Il ne restait plus que deux Séides pour lui faire face. Le premier laissa tomber son arme et détala sans se retourner. Elle ramassa la lance, fit grésiller la Rochelave sous les flammes, puis jeta un regard de défi vers le dernier gardien. Elle changea d’expression en reconnaissant son visage.
— Len !
La lame rouge s’éteignit en fumant dans son poing mais Windane oublia de la lâcher. Le garçon de Watz, tétanisé, ne pouvait en détacher son regard. Sous cette armure, elle avait failli ne pas le reconnaître.

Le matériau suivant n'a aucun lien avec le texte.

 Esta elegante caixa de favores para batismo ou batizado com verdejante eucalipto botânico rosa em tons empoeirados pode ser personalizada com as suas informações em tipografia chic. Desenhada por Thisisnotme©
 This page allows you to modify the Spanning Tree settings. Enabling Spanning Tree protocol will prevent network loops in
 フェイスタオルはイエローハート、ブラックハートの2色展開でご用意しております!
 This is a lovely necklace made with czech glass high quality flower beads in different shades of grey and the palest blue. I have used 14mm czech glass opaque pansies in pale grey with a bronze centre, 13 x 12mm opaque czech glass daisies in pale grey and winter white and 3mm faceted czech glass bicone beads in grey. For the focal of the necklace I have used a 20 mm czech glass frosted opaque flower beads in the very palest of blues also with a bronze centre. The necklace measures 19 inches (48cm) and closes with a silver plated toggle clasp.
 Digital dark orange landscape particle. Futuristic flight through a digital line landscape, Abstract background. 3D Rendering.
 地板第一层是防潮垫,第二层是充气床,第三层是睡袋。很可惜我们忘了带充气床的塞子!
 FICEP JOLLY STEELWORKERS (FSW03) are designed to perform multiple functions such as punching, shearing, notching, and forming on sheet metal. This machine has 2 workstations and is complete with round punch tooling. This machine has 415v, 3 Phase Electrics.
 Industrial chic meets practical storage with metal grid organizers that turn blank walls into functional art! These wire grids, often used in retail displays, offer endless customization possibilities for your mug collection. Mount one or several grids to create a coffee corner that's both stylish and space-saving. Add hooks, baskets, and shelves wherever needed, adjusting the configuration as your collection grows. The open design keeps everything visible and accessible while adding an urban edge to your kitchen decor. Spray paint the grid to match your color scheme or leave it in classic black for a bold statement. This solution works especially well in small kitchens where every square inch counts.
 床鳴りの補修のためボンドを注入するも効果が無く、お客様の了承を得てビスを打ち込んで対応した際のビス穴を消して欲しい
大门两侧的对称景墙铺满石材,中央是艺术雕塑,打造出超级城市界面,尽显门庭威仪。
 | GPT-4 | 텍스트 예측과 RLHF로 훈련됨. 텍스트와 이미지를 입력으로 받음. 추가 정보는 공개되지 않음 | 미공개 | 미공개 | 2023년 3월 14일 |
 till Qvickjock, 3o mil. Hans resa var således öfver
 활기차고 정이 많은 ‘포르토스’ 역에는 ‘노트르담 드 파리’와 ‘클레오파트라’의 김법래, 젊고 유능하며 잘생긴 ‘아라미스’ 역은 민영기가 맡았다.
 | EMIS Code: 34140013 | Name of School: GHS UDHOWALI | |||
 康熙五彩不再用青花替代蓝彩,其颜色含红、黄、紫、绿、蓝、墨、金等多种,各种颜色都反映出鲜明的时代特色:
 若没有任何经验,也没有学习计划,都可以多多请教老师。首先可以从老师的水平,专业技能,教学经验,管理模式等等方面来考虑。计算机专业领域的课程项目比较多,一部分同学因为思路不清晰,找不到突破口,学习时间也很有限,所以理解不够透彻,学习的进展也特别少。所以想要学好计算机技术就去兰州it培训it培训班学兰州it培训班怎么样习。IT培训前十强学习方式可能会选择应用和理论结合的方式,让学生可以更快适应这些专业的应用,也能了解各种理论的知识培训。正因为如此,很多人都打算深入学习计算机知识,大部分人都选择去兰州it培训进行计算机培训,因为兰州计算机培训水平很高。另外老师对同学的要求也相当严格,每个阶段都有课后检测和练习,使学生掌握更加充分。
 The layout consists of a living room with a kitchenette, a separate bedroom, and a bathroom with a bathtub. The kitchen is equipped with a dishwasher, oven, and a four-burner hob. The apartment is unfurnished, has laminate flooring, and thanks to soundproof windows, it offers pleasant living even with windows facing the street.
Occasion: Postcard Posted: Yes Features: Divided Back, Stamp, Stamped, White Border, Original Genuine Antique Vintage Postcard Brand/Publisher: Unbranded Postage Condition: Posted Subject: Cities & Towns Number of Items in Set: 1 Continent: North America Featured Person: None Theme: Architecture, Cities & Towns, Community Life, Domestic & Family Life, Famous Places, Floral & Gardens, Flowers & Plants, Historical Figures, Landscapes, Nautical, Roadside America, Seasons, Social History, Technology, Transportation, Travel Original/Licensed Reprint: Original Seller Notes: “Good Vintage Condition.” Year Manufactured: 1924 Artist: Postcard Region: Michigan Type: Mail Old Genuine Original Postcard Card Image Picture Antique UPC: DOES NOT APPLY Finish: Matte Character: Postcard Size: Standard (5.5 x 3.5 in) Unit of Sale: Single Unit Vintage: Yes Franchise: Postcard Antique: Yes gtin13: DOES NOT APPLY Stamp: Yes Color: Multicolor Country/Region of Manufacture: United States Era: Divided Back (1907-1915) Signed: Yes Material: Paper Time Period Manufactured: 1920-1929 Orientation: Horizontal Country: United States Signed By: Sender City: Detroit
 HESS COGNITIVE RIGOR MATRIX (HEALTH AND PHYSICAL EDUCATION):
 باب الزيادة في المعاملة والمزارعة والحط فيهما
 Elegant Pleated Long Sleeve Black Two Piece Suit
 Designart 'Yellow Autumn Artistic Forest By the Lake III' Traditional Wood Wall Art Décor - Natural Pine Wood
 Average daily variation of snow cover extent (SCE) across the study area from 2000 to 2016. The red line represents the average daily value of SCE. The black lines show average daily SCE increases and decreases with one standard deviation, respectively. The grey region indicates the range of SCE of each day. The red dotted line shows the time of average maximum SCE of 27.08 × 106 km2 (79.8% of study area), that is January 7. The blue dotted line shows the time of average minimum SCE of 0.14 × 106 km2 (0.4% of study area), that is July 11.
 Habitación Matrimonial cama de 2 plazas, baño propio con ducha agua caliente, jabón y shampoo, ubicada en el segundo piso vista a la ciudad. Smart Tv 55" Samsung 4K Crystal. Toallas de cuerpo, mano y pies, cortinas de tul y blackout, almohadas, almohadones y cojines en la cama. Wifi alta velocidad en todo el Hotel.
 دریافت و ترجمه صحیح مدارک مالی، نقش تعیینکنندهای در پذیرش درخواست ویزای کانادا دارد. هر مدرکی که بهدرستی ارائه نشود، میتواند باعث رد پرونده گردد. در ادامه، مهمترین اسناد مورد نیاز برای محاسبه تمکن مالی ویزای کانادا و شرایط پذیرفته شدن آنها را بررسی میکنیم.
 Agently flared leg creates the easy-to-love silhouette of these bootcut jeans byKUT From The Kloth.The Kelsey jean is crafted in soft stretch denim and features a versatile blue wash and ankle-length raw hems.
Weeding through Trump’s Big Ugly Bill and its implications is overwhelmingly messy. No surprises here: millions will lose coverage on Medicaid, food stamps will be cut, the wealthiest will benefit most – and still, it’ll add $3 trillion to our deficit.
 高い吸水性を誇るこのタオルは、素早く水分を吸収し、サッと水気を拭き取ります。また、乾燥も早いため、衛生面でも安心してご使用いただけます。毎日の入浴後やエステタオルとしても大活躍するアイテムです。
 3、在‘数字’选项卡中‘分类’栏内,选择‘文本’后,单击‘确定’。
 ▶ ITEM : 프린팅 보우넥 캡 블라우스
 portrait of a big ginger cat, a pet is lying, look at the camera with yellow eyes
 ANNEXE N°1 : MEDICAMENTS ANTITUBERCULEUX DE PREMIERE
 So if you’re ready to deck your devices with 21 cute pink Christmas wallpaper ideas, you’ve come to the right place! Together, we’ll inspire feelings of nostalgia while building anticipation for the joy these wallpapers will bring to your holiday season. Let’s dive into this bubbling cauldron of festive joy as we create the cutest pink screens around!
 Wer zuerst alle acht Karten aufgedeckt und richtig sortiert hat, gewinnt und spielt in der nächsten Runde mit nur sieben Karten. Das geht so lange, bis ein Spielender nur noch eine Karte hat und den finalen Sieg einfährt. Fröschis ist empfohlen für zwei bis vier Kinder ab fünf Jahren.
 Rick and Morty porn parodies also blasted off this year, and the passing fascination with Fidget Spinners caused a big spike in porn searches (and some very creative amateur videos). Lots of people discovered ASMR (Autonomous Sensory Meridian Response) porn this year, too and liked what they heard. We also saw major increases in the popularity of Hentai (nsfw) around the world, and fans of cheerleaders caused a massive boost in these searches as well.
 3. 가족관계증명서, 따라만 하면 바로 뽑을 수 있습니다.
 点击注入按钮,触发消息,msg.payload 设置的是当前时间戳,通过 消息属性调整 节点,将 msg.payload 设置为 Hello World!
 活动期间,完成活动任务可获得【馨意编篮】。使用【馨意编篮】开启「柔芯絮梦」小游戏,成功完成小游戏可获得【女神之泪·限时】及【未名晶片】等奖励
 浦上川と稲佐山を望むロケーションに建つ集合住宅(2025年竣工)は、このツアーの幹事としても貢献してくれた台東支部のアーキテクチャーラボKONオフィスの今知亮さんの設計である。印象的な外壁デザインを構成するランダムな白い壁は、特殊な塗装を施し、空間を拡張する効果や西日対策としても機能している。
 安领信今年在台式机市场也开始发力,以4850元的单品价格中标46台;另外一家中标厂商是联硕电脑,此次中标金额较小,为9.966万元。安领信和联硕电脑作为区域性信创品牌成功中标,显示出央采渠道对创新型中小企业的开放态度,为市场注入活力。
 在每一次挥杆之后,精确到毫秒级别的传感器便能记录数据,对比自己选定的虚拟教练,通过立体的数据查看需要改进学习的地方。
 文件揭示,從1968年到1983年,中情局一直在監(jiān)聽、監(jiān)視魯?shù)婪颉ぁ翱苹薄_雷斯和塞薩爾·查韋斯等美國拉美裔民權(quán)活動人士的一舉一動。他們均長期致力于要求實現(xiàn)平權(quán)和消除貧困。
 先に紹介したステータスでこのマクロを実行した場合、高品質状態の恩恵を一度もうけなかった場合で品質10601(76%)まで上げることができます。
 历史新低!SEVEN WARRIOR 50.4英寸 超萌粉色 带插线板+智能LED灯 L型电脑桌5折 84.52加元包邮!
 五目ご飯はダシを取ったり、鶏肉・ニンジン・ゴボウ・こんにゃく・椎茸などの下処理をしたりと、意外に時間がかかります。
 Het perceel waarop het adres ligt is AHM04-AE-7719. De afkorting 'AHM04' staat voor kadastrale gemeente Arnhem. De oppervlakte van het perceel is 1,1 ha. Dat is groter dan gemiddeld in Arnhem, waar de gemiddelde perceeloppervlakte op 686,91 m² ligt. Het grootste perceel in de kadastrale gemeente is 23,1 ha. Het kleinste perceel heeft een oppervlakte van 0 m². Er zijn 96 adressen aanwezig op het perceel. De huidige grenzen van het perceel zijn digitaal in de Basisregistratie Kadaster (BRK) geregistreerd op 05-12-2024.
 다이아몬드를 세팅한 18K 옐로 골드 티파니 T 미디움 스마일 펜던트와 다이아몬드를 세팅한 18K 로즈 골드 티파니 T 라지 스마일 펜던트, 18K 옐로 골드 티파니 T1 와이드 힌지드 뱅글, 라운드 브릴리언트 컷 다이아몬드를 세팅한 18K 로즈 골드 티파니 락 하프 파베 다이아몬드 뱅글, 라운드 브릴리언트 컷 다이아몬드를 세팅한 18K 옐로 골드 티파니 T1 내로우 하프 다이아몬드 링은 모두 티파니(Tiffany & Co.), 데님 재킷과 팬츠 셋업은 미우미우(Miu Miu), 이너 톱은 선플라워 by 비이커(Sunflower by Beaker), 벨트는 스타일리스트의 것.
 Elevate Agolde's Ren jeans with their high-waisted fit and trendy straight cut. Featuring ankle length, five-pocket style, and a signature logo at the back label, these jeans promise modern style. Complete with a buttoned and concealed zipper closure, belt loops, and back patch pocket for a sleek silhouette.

Il avait gagné quelques centimètres, mais il arborait les mêmes taches de son, le même teint brun clair que Mezoa.
— Mais pourquoi… souffla-t-elle, incrédule, avant de comprendre. C’est à cause de moi. C’est ma faute, si tu es là.
Les mains tremblantes, il dressa son arme devant lui et cria pour masquer sa peur.
— Ne t’approche pas, démone !
Elle secoua la tête.
— Les démons se nourrissent de magie. Pas moi. Pas lui.
— Je ne veux pas écouter tes mensonges, monstre ! Éloigne-toi de moi !
Au lieu de ça, Windane s’avança vers lui. Elle marcha lentement, pour ne pas l’effrayer davantage. Elle saisit doucement le bout de sa lance et laissa la magie faire son œuvre. Len fut incapable de détacher ses yeux de la fumée noirâtre qui s’échappait de la Rochelave.
— Je regrette ce que je t’ai dit, reprit Windane. J’avais peur, moi aussi. Je n’ai jamais eu l’intention de te tuer, Len.
Elle marqua une pause, jeta un regard au dragon affaibli.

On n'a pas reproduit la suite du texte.